Everything below from the line with "ПЕТРОТРЕСТ, фирма по" through the line with "Featuring fine quality" should be copied exactly, and nothing else; leave out the pictures.

DATASET:
━━━━━━━━━━━━━━━━━━━━

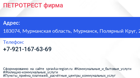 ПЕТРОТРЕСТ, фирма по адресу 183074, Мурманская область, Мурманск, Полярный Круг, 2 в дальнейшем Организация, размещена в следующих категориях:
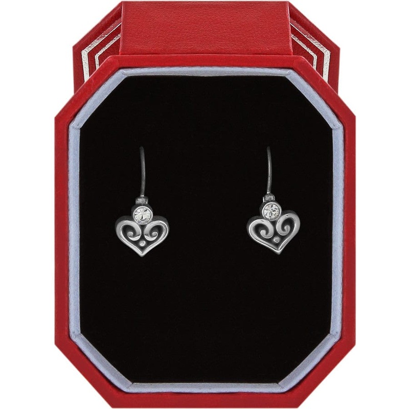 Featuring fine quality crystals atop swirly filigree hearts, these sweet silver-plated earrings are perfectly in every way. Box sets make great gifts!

━━━━━━━━━━━━━━━━━━━━

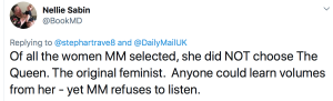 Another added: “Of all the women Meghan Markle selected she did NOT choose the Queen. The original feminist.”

━━━━━━━━━━━━━━━━━━━━

EXERCISE RESULT:
 ПЕТРОТРЕСТ, фирма по адресу 183074, Мурманская область, Мурманск, Полярный Круг, 2 в дальнейшем Организация, размещена в следующих категориях:
 Featuring fine quality crystals atop swirly filigree hearts, these sweet silver-plated earrings are perfectly in every way. Box sets make great gifts!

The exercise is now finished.